BEGIN Input

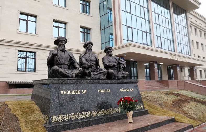 Ел басына ауыртпалық түскен кезеңдерде де ұлттың үш бәйтерегі халыққа қорған бола білді. Ұлы тұлғаларды ұлықтау мақсатында ел Тәуелсіздігінің 30 жылдығына орай, Тараз қаласында үш бидің ескерткіші ашылды. Алып ескерткіш Жамбыл облыстық соты ғимаратының алдында орналасқан.
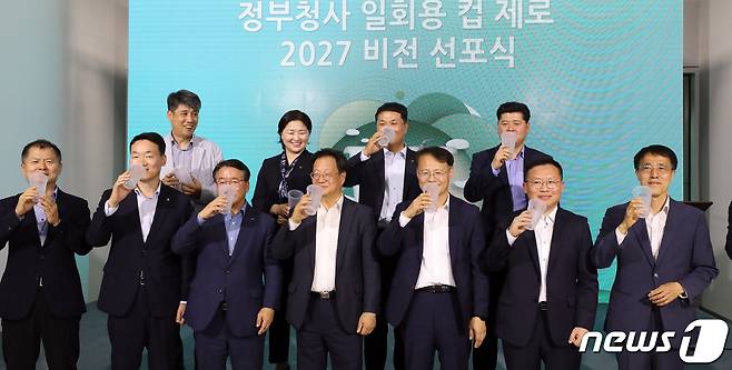 (세종=뉴스1) 김기남 기자 = 조소연 정부청사관리본부장(가운데)이 1일 오후 세종시 정부세종청사 중앙동에서 열린 정부청사 일회용 컵 제로 2007 비전 선포식에서 참석자들과 함께 다회용컵 시음 세리머니를 하고 있다. 2023.6.1/뉴스1
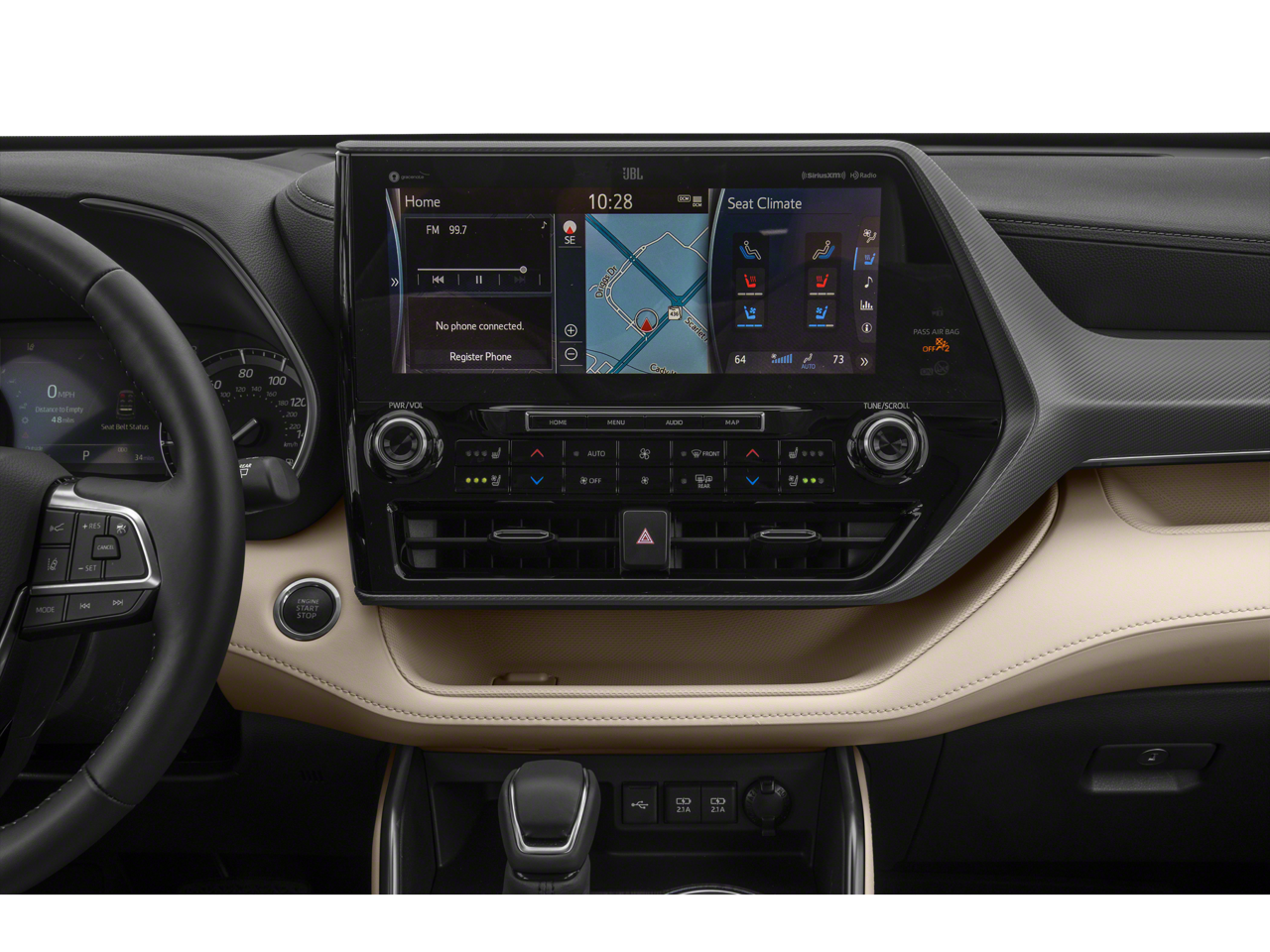 - Radio: Premium Audio w/JBL Clari-Fi -inc: 11 speakers, subwoofer, amplifier, 12.3" touch-screen, HD Radio, USB media port, hands-free phone capability, dynamic navigation w/up to 3-year trial, dynamic POI search, dynamic voice recognition and music streaming via Bluetooth® wireless technology, Android Auto, Apple CarPlay and Amazon Alexa compatible, SiriusXM w/3-month All Access trial, Connected Services - Safety Connect w/1-year trial, Service Connect w/10-year trial, Remote Connect w/1-year trial, Wi-Fi Connect w/up to 2GB within 3-month trial and Destination Assist w/1-year trial, See Toyota.com/audio-multimedia for details
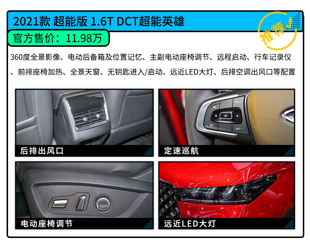 所以在配置选择上,买买君肯定是更加青睐超能版车型的,超能版有超能勇士和超能英雄两款车型,它们之间售价差了9000元,多了360度全景影像、电动后备箱及位置记忆、蓝牙钥匙、远程启动、行车记录仪、前排座椅加热、GPS导航系统、多媒体语音控制系统、车联网/OTA升级、自动头灯、全车窗一键升降、后视镜锁车自动折叠等十几项配置,同时还可以选装前面所说的L2级别驾驶辅助系统,性价比可谓非常高。
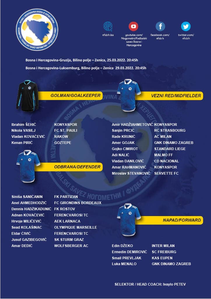 U Sarajevu je danas održana press konferencija na kojoj je selektor fudbalske reprezentacije Bosne i Hercegovine Ivaylo Petev objavio imena igrača na koje računa za prijateljske susrete sa Gruzijom i Luksemburgom.
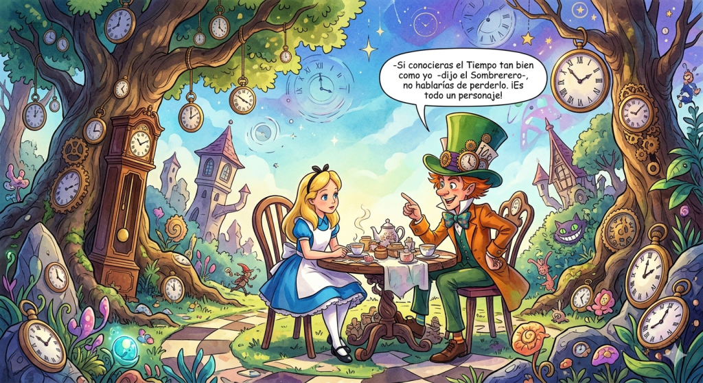 A menudo tratamos al tiempo como una moneda que se gasta o un recurso que se agota. Lo «matamos» cuando estamos aburridos o lo «perdemos» cuando no somos productivos. Sin embargo, el Sombrerero Loco nos regala una bofetada de realidad con su lógica disparatada: el Tiempo es un personaje.
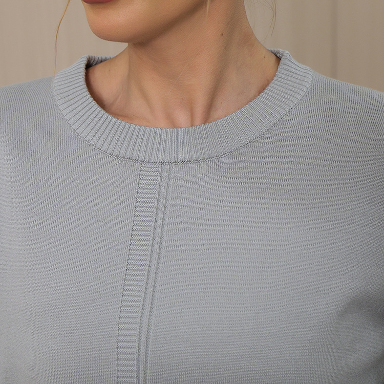 طقم نسائي بتصميم موحد اللون يضم بلوزة مريحة الأكمام وبنطال طويل واسع القدم
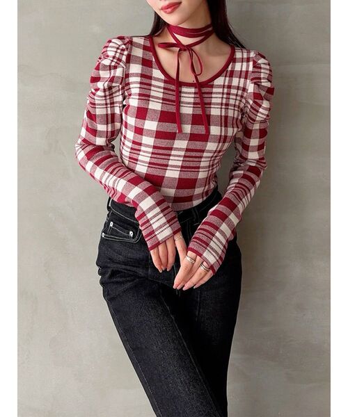 毎シーズン人気のチョーカーニットが登場!▽デザイン▽目を惹く大判のチェック柄がシーズンムードを高めます。パワショルデザインが女性らしさをプラス。チョーカー付きなので前後お好きな雰囲気で結ぶことができ、スタイリングのアクセントになります。チョーカーは取り外しもできるのでシンプルなニットとしても使え、様々なコーデにピッタリの着回し抜群な1枚です。▽カラー▽ベーシックで使いやすい無地の黒と、チェック柄のピンク・ミックスの3色展開。▽スタイリング▽インしやすい丈感なのでスカートからデニムまで様々なアイテムと好相性。セットアップのジャケットのインナーとしても重宝します。
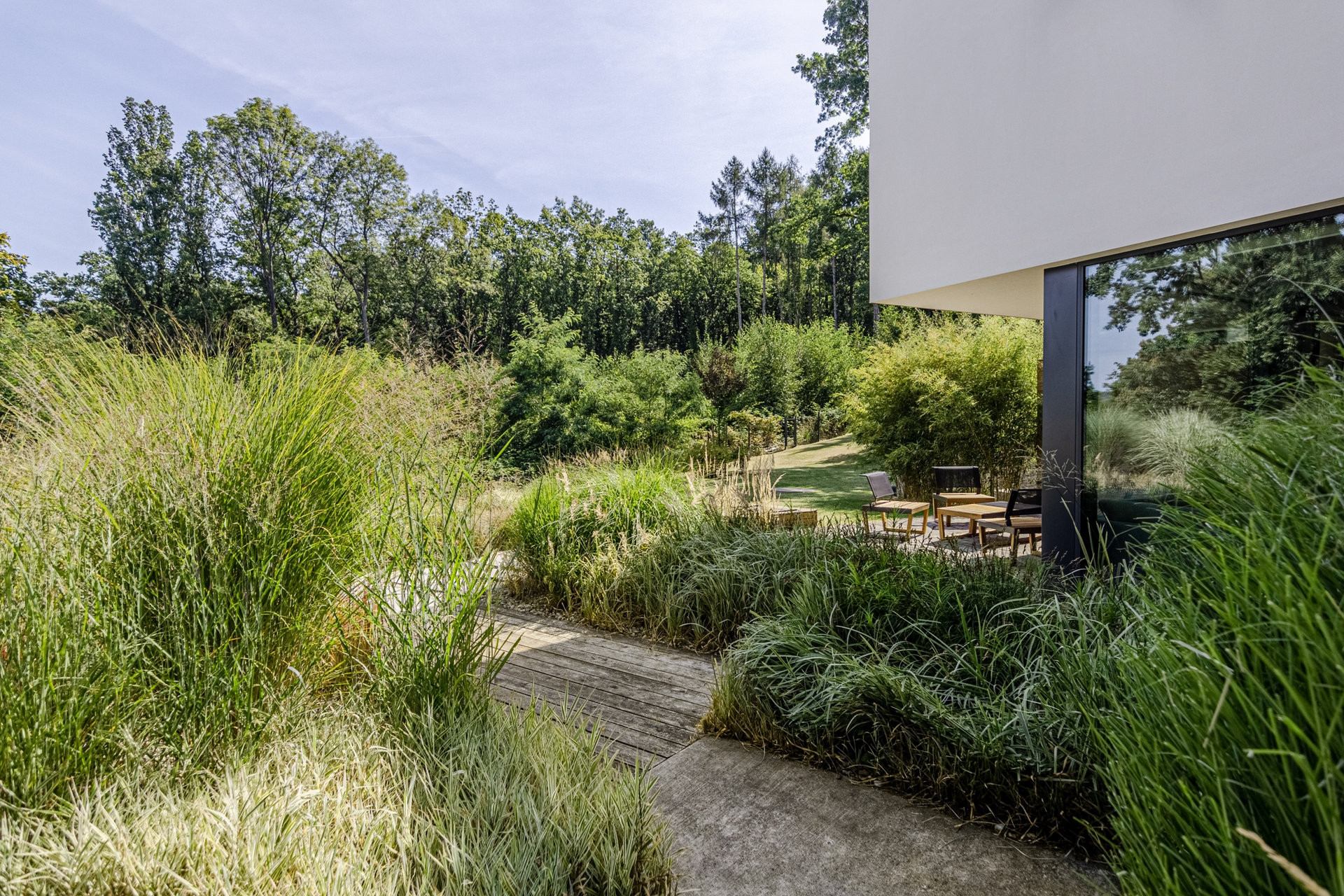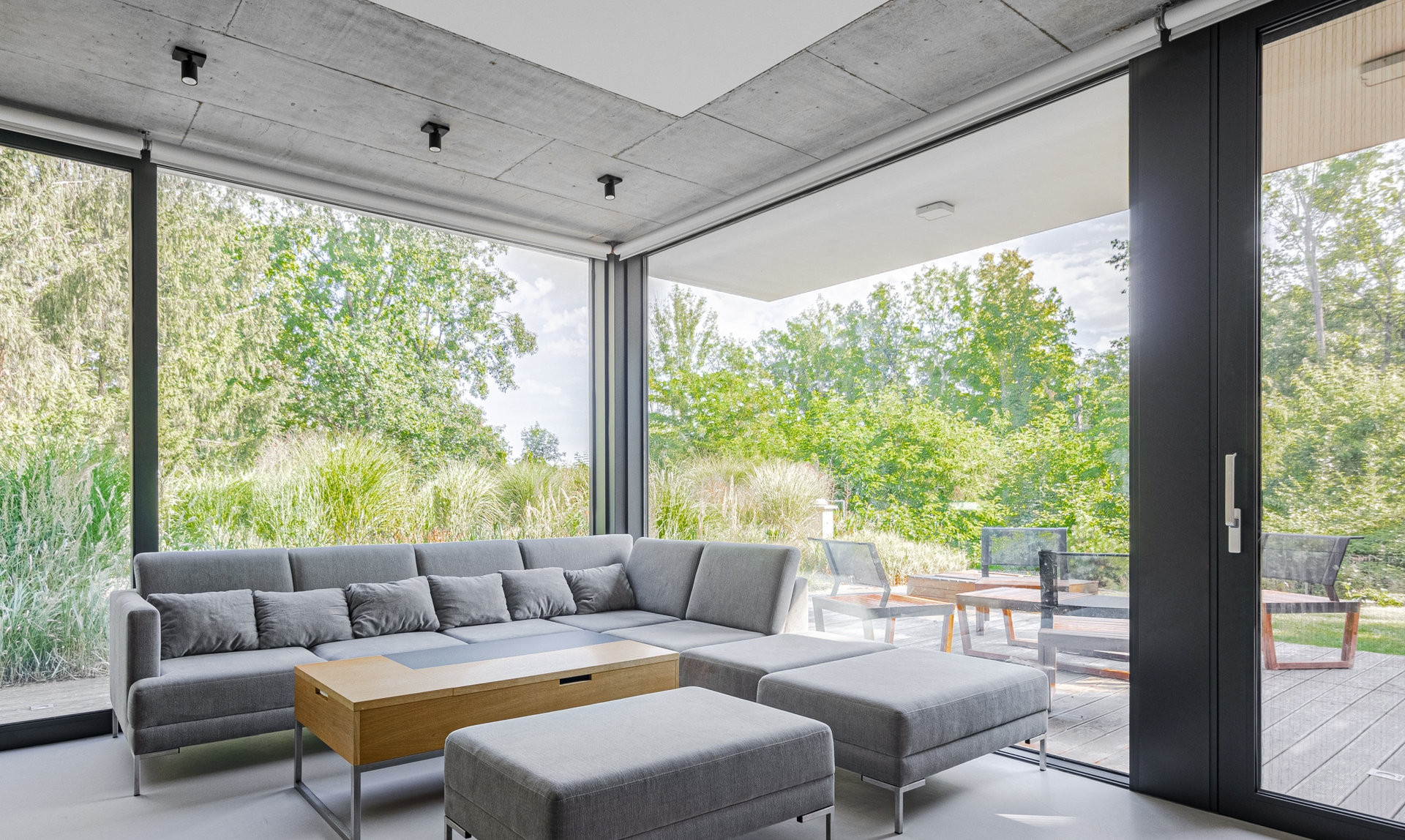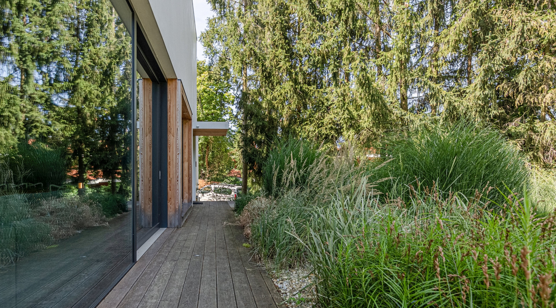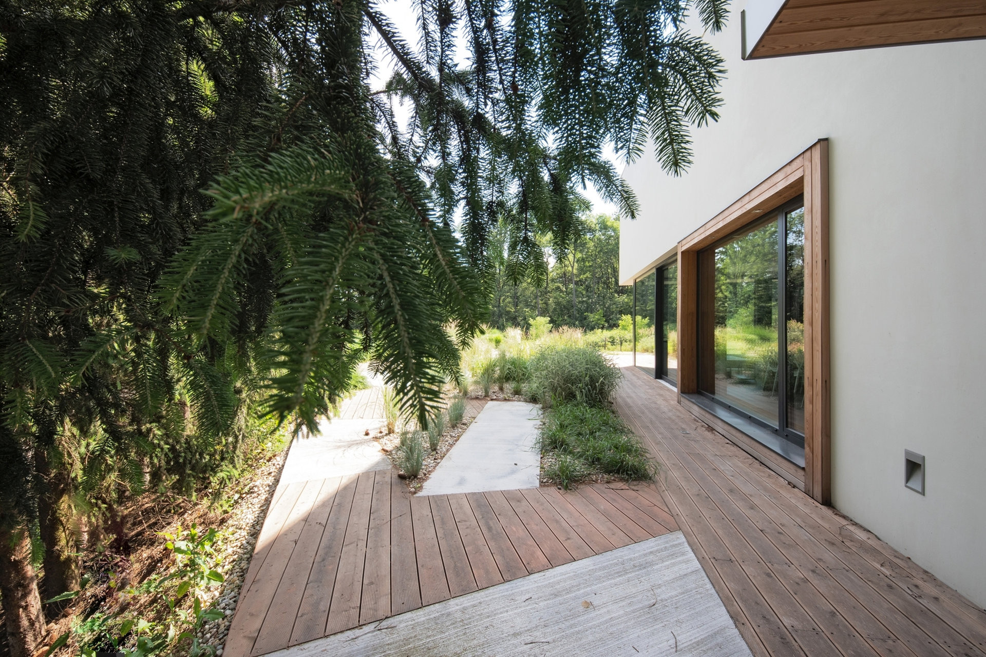 Cílem návrhu bylo propojení interiéru stavby s exteriérem – jak faktické prostřednictvím prosklených stěn v přízemí, tak i optické v obytných místnostech ve druhém podlaží.

END Input

**Required action:** Could you reproduce exactly, and only, the lines from the one containing "طقم نسائي بتصميم" through the end of the records above, both included, while leaving out the pictures?

**Task answer:**
 طقم نسائي بتصميم موحد اللون يضم بلوزة مريحة الأكمام وبنطال طويل واسع القدم
 毎シーズン人気のチョーカーニットが登場!▽デザイン▽目を惹く大判のチェック柄がシーズンムードを高めます。パワショルデザインが女性らしさをプラス。チョーカー付きなので前後お好きな雰囲気で結ぶことができ、スタイリングのアクセントになります。チョーカーは取り外しもできるのでシンプルなニットとしても使え、様々なコーデにピッタリの着回し抜群な1枚です。▽カラー▽ベーシックで使いやすい無地の黒と、チェック柄のピンク・ミックスの3色展開。▽スタイリング▽インしやすい丈感なのでスカートからデニムまで様々なアイテムと好相性。セットアップのジャケットのインナーとしても重宝します。
 Cílem návrhu bylo propojení interiéru stavby s exteriérem – jak faktické prostřednictvím prosklených stěn v přízemí, tak i optické v obytných místnostech ve druhém podlaží.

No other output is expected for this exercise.